» Work to be completed
Everything from the line with "Hervir la pasta, escurrir" through the final line of the listing below must be retyped exactly, apart from the pictures.

» Dataset section
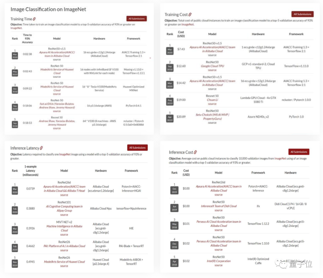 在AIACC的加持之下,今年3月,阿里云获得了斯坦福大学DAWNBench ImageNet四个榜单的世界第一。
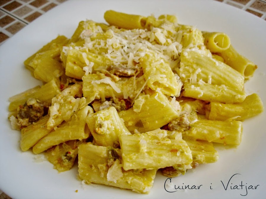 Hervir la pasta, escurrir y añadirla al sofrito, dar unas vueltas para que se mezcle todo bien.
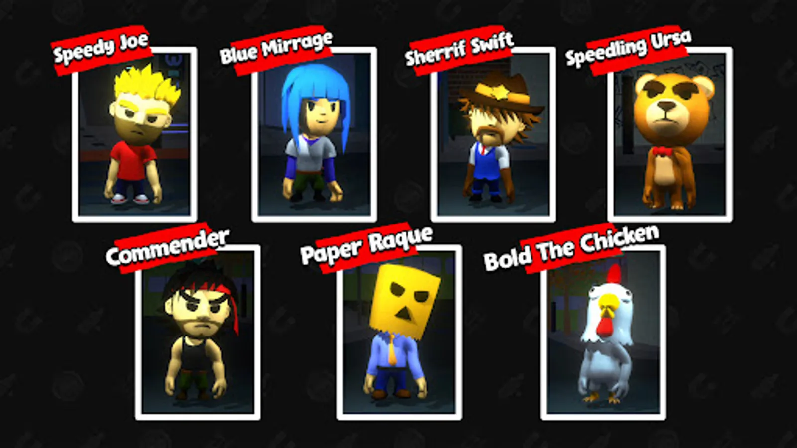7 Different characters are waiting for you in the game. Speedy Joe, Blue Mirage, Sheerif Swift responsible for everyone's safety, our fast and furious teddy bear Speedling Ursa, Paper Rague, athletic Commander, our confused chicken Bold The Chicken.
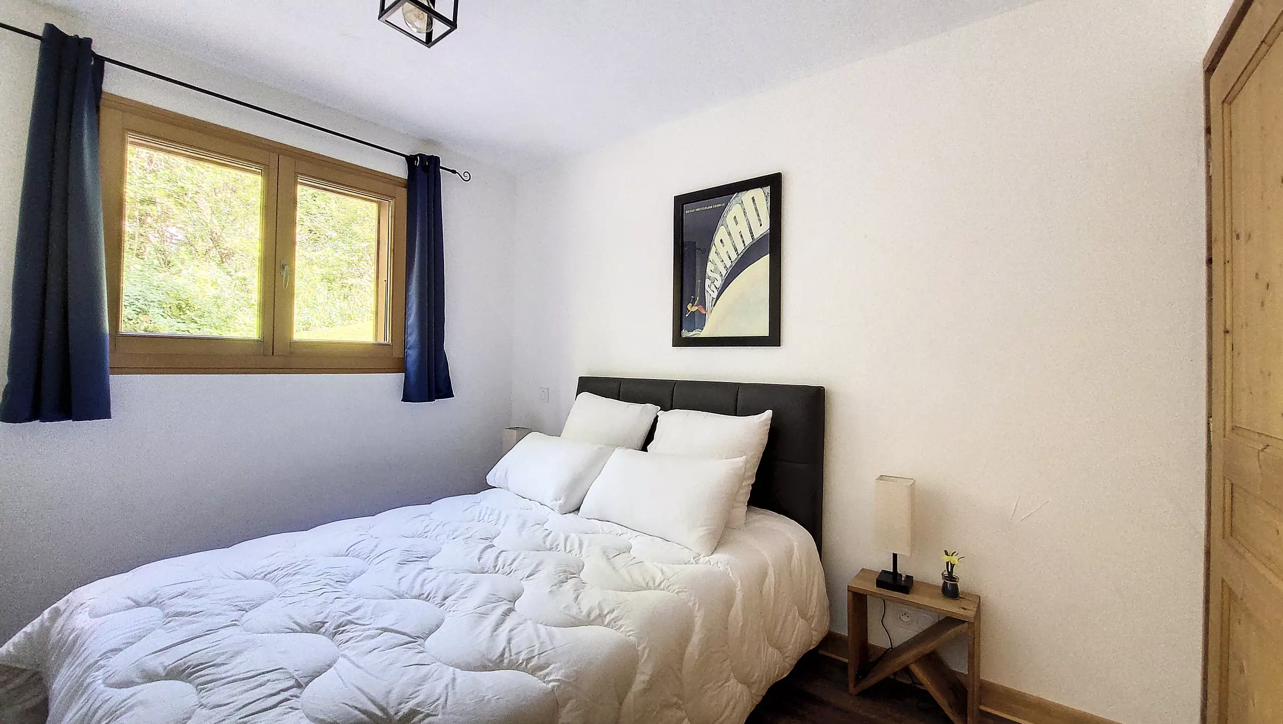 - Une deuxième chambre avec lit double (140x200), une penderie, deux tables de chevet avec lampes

» Answer space
 Hervir la pasta, escurrir y añadirla al sofrito, dar unas vueltas para que se mezcle todo bien.
7 Different characters are waiting for you in the game. Speedy Joe, Blue Mirage, Sheerif Swift responsible for everyone's safety, our fast and furious teddy bear Speedling Ursa, Paper Rague, athletic Commander, our confused chicken Bold The Chicken.
 - Une deuxième chambre avec lit double (140x200), une penderie, deux tables de chevet avec lampes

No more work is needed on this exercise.